Sat, Feb 19, 2005 - Page 7 News List

Iraq mosque blasts kill 21


At least 21 people, including a child, were killed in three attacks against Shiites in Baghdad yesterday as Iraq's majority community began a religious mourning period that last year saw the bloodiest attacks since the war.

In the deadliest blast, 17 people died and 23 were wounded when a suicide bomber wearing an explosives belt blew himself up in a Shiite mosque in the southern Baghdad district of Dura.

Extremist Sunni Arab insurgents have pledged to target the country's Shiite majority which swept to victory in the Jan. 30 elections and is set to take power for the first time in the country's history.

"The attack was carried out by a suicide bomber wearing an explosives belt at the Kazimain mosque in Abu Dishr near Dura," a police officer said.

"I had just begun Friday prayers when an enormous explosion rocked the building," said the mosque's imam, Sheikh Malek Kinani.

Twin suicide bombers killed at least one person at the Ali al-Baya mosque, another Shiite place of worship in western Baghdad, as worshippers were about to leave weekly Friday prayers, hospital and police sources said.

In the third blast, three people, including a child, were killed and five wounded when a mortar shell apparently targeting a police station landed outside a cafe in northwest Baghdad's Shula district.

Last week, another anti-Shiite bomb attack on a mosque before Friday prayers killed 14 people in the town of Balad Ruz, northeast of Baghdad.

Shiites are marking Tasua, the first of two days of mourning for the revered Imam Hussein which will culminate on Saturday with the religious festival of Ashura.

Hussein, grandson of the Prophet Mohammed and the third Imam in Shiite Islam, was killed in 680 AD during the battle of Karbala.

Meanwhile, two Indonesian journalists are missing in Iraq and a witness reported seeing them stopped by armed men, Indonesia's foreign ministry said yesterday, but declined to say if the men were abducted.

The reporters were working for Indonesia's Metro TV, a 24-hour cable network, and went missing Tuesday.
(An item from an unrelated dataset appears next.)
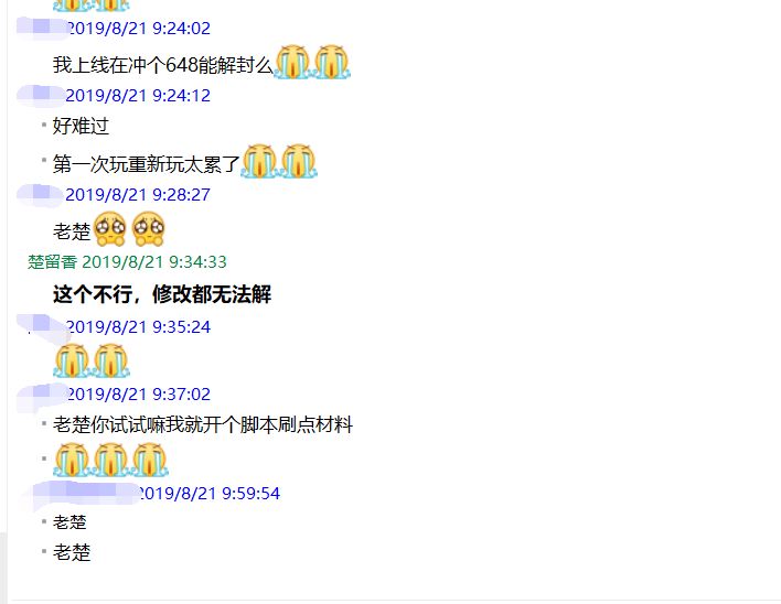 下图是被系统自动封号的玩家,想充钱解封,每天都有类似的找我们官方,但是一律都不解。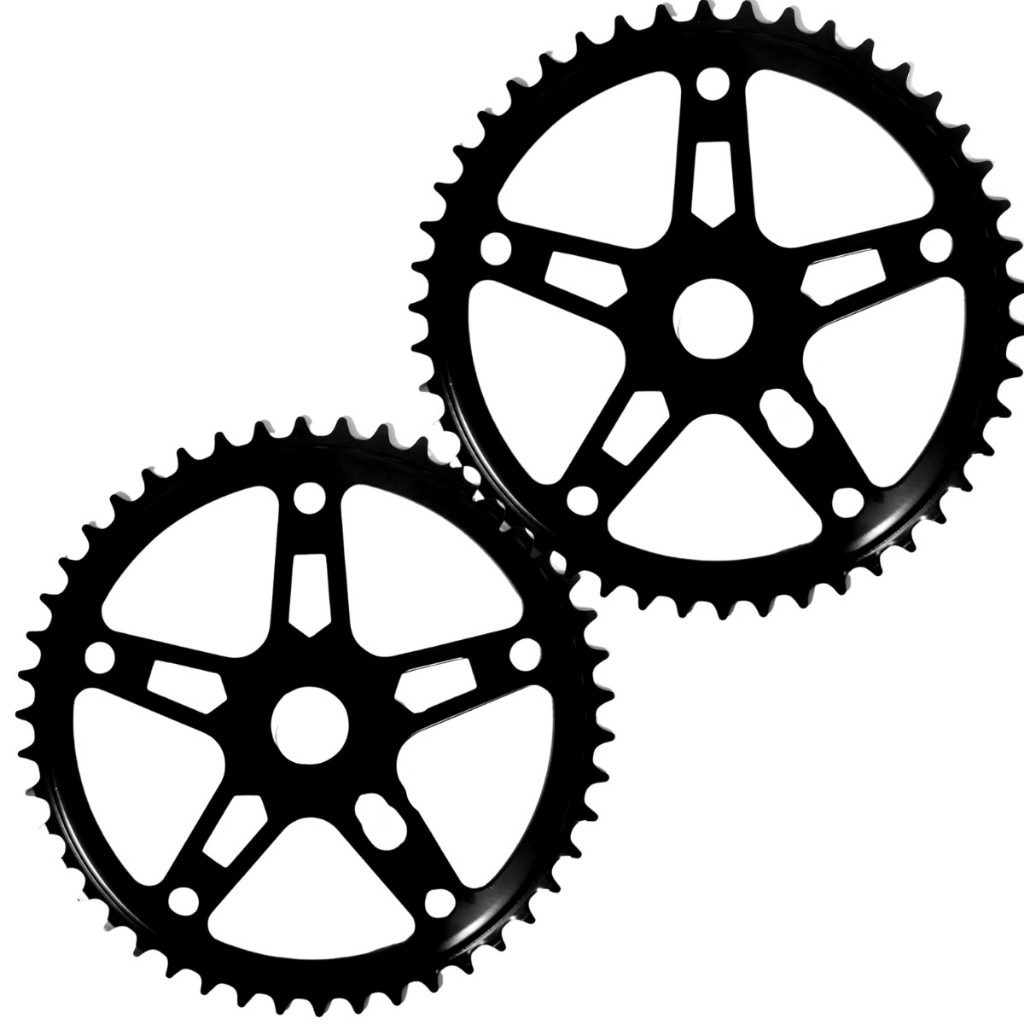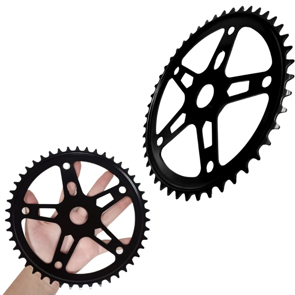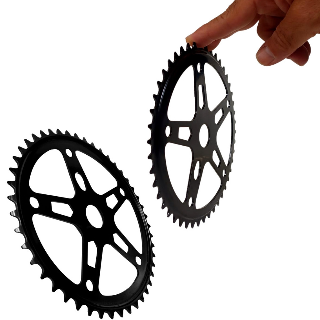Kit 2 Coroas Roda Dentada Engrenagem 46 Dentes Grande 5 Furos Preta Para Bicicleta Aro 26 24 20

A witness said he saw their car stopped near the Iraqi town of Ramadi by armed men in Iraqi military uniforms, ministry spokesman Marty Natalegawa said.
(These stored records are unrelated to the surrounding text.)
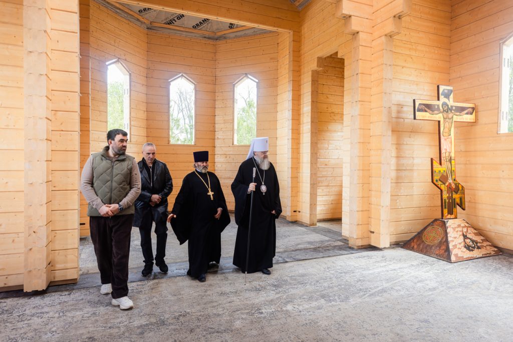 Далее митрополит Меркурий посетил строящийся храм в честь Донской иконы Божией Матери, где ознакомился с ходом строительных работ.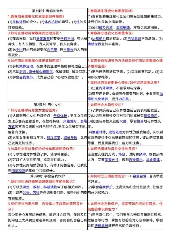 新七年级下册道法课课贴(可裁剪)完整电子版可打印!家长关注收藏,让孩子用高效的方法学透知识点,用优质的资源为学习赋能,在成长的赛道上稳步前行,轻松提分!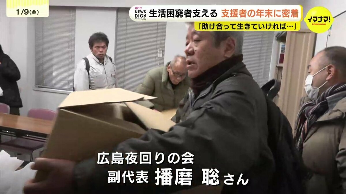 活動しているのは、「野宿労働者の人権を守る広島夜回りの会」のメンバーたち。副代表の播磨聡さんは、約14年にわたってこの活動を続けてきました。生活に困っているたちに食べ物などを届けています。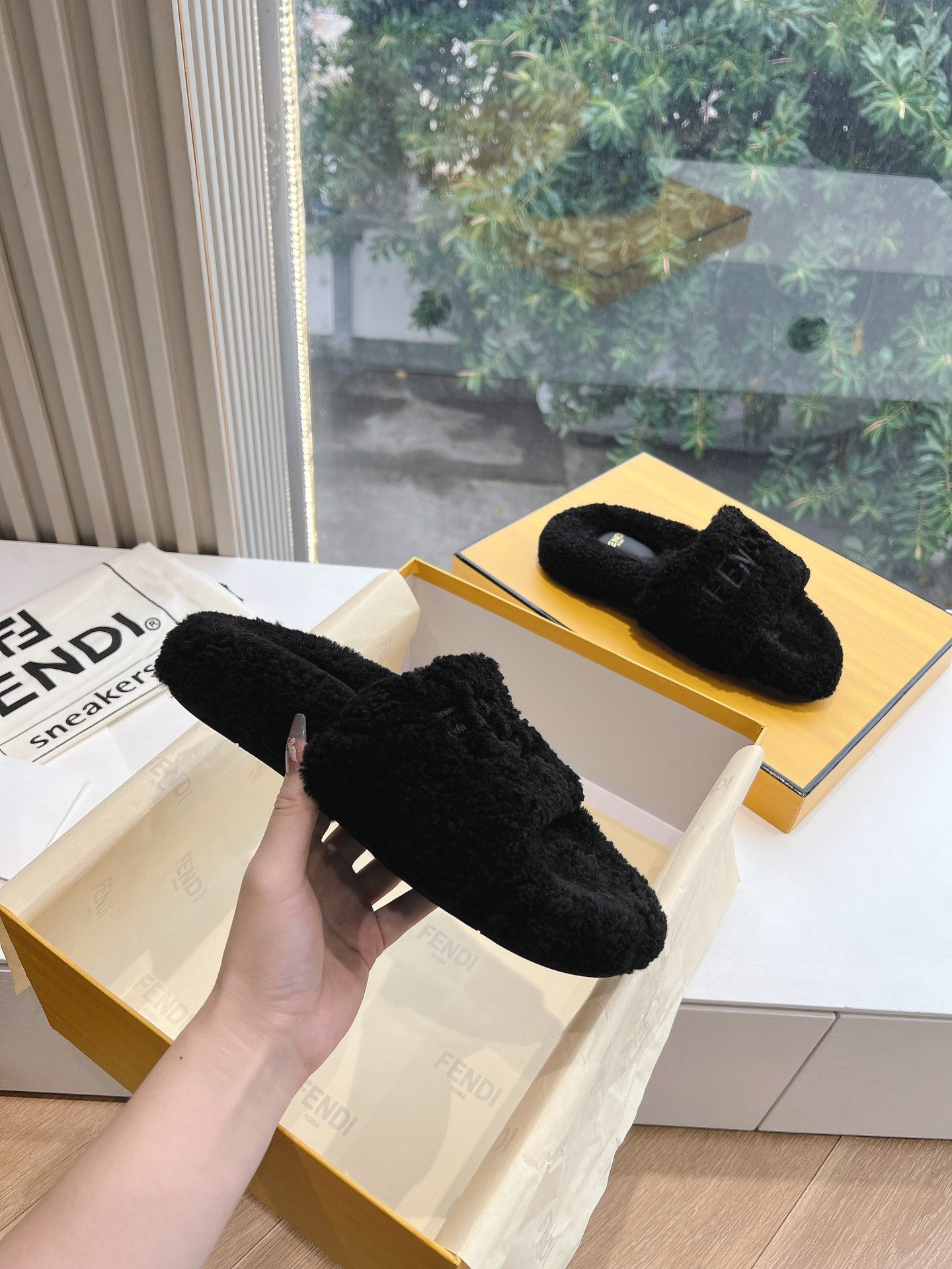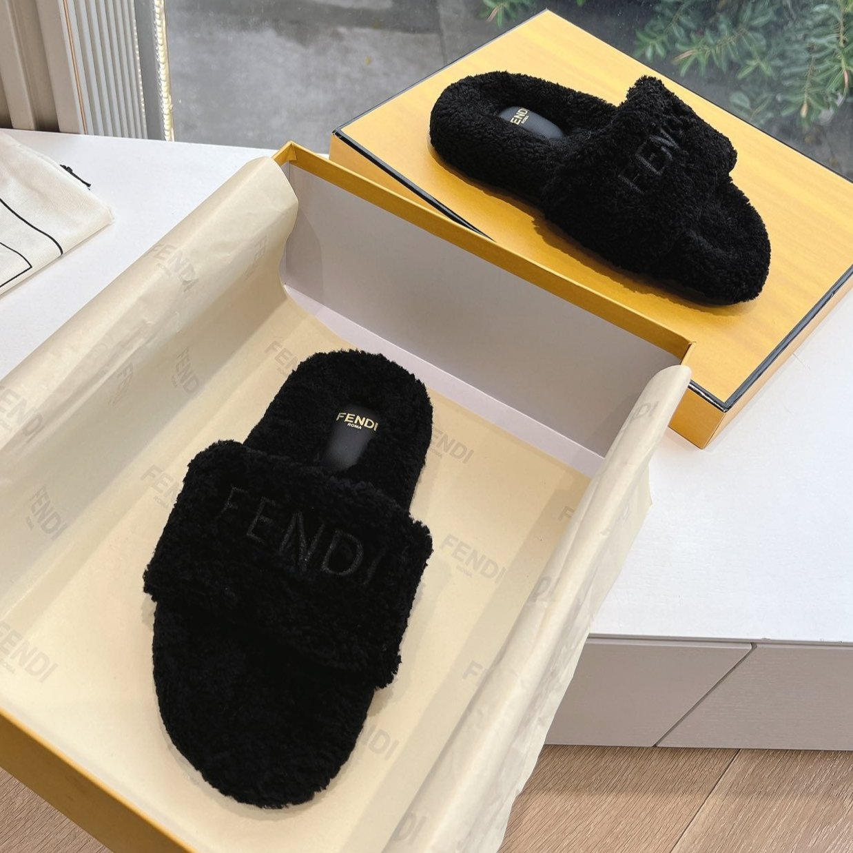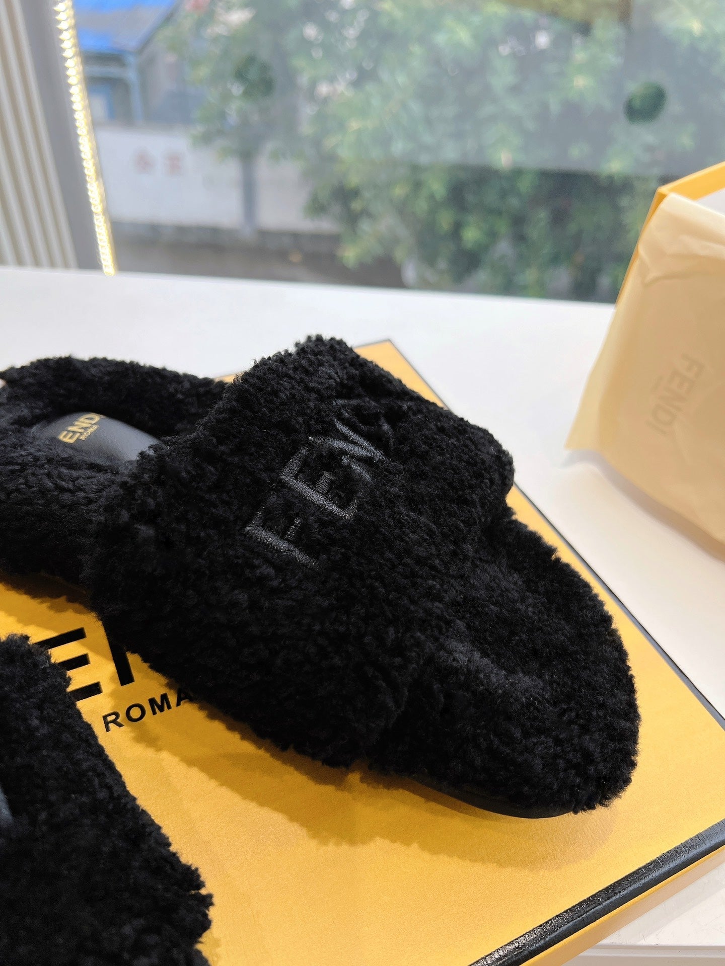 FLAT SLIDE IN BLACK FLEECE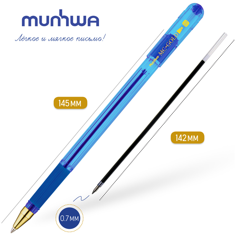 Ручка шариковая MunHwa "MC Gold" синяя, 0,7мм, грип, штрих-код BMC07-02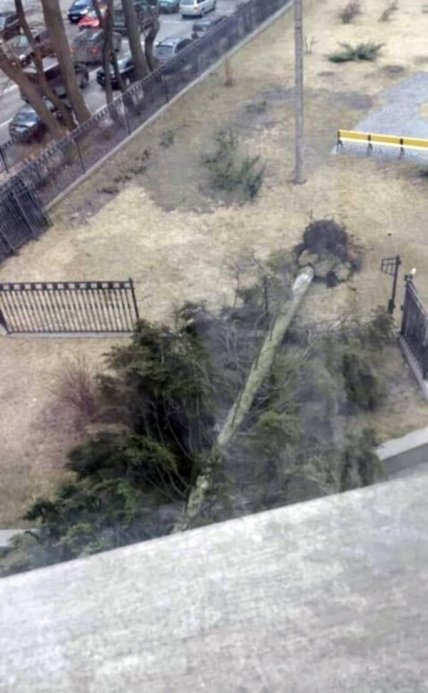 Как сообщают в социальных сетях очевидцы, высокая ель обрушилась возле здания парламента "под куполом" по улице Грушевского, 5, перекрыв один из въездов во внутренний двор, а также подход к одному из подъездов.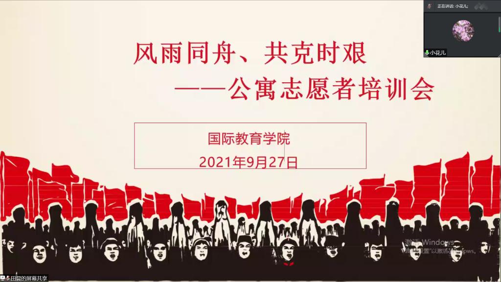 9月27日,中午12:00,学院组织召开“风雨同舟 共克时艰”公寓志愿者培训会,学院党委副书记出席,学院全体辅导员及公寓志愿者参加会议,会议由学生工作办公室负责人田晨主持。会上党委副书记徐海英结合松北区当前多处街道、社区开始封闭隔离的现状,超前谋划,科学部署,组织成立公寓志愿服务队伍,并针对志愿者开展培训,以未雨绸缪的姿态,周密布置,奋力迎战新冠疫情带来的新挑战。会上海英书记高度认可志愿者们的主动参与、无私奉献的精神,对应急管理期间,宿舍志愿服务工作进行科学的制定和详细部署。最后,海英书记强调到一是志愿者在疫情防控工作中一定要充分做好个人的防疫准备,做好防护措施。二是要做好充足的心理准备,敢于吃苦、乐于奉献,明确自身的任务与责任,站好每一班岗。三是在疫情防控工作中要保持乐观向上的工作态度,以此带动身边同学以良好的情绪科学的看待疫情防控。

The government is sending a team to Iraq to seek additional information, he said.

Ramadi, about 110km west of Baghdad, has been a center of insurgent activity in Iraq and the scene of frequent clashes between US forces, their Iraqi allies and militants.
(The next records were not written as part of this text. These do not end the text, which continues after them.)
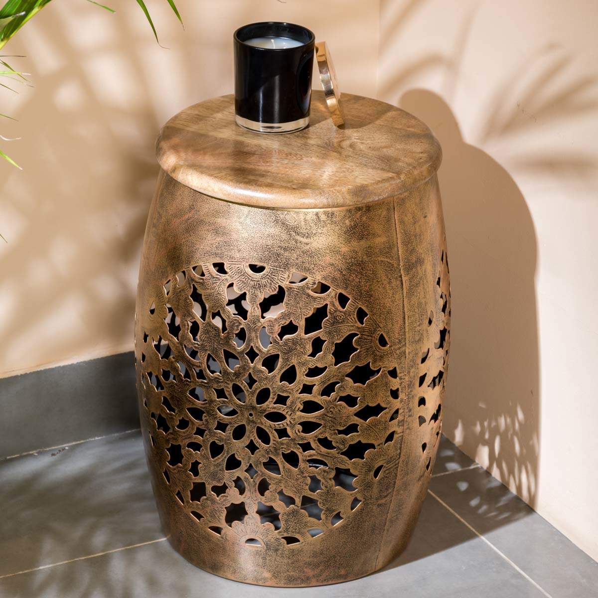 With an intricate pattern cut into the metal barrel shape base, these tables feature an intricate beautiful detail that will make them stand out.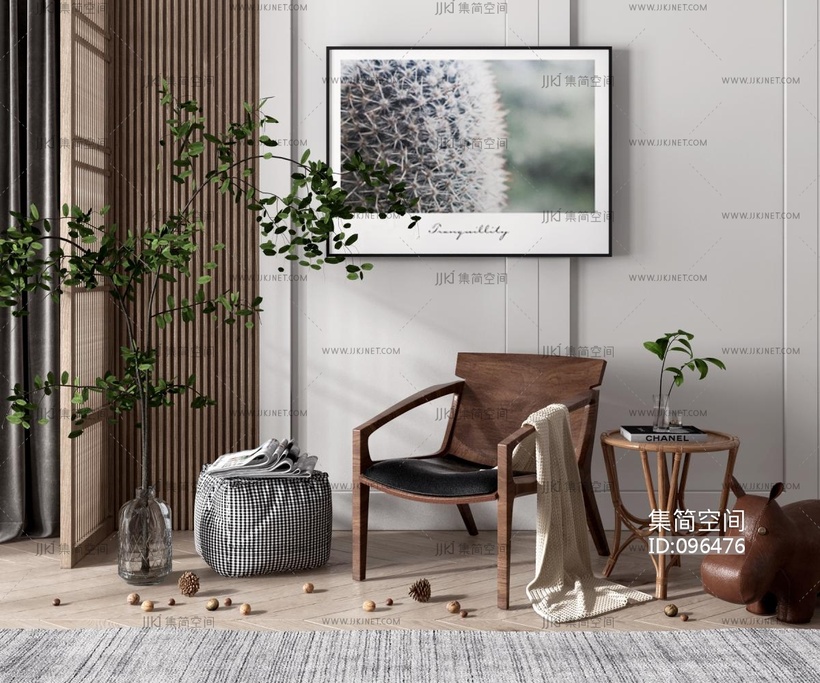 北欧原木休闲椅,边几 3d模型下载 [模型ID:96476]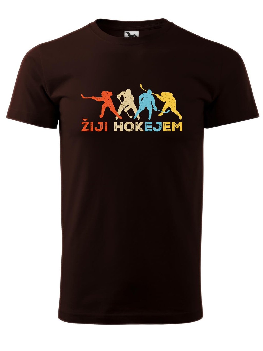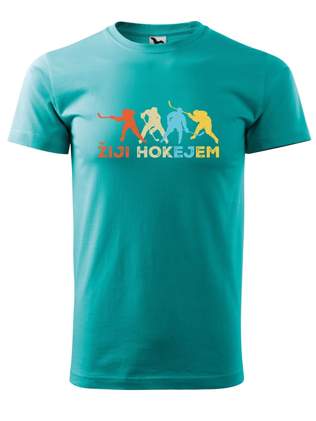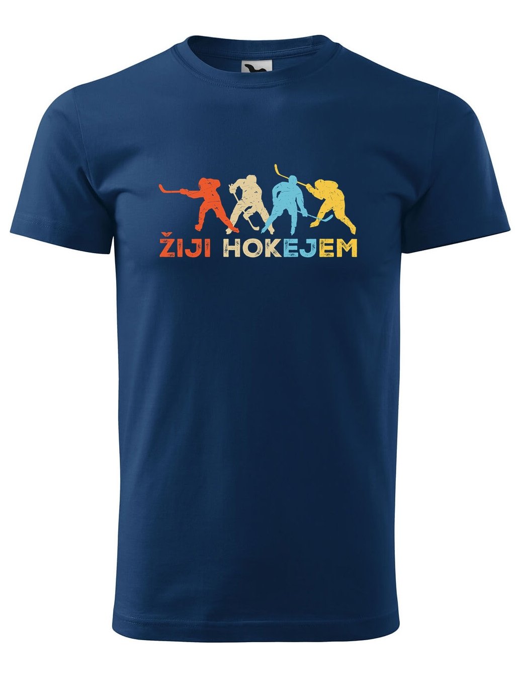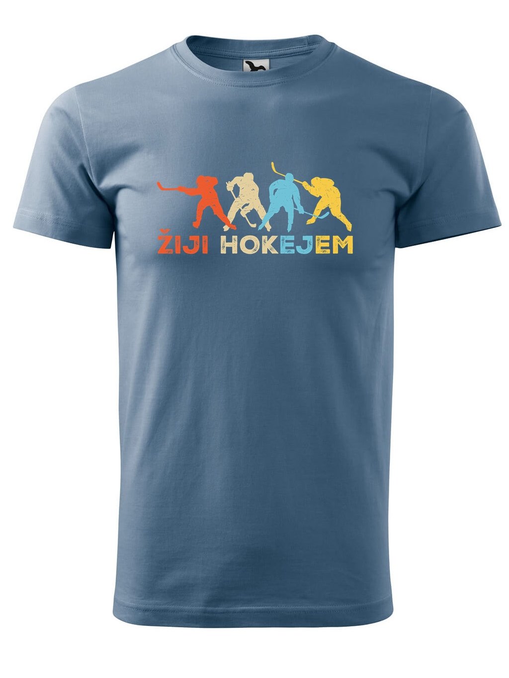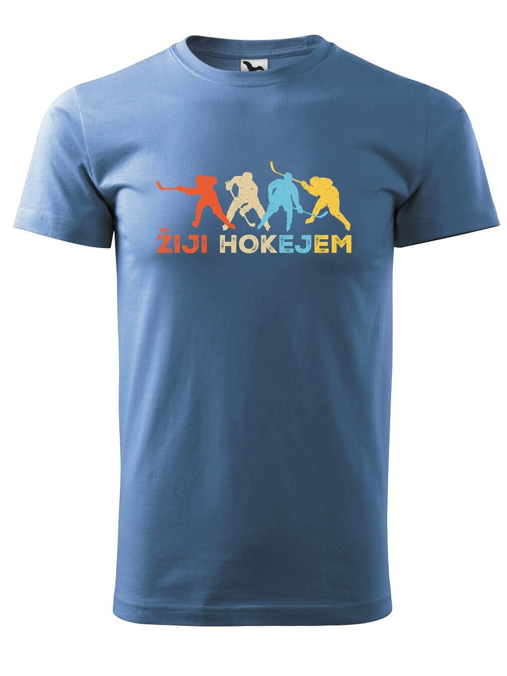 Provedení pánského bavlněného trička s potiskem Žiji hokejem:

"The car, driver and the two journalists have been taken to an unknown location. However, I will not use the word abduction yet," he told reporters.

"We are trying to ascertain the whereabouts of these two reporters and establish contact with them," he said. "It was reported that the people who stopped them were wearing Iraqi military uniforms."

The Al-Arabiya television station, the Arabic-language satellite network, reported that the two journalists had been kidnapped but did not provide any further details.

Sasha Yusharyahya, a spokeswoman for Metro TV, identified the female reporter as Meutya Hafid and the cameraman as Budianto. She said the station last had contact with the pair on Tuesday afternoon and was working with the foreign ministry to learn their fate.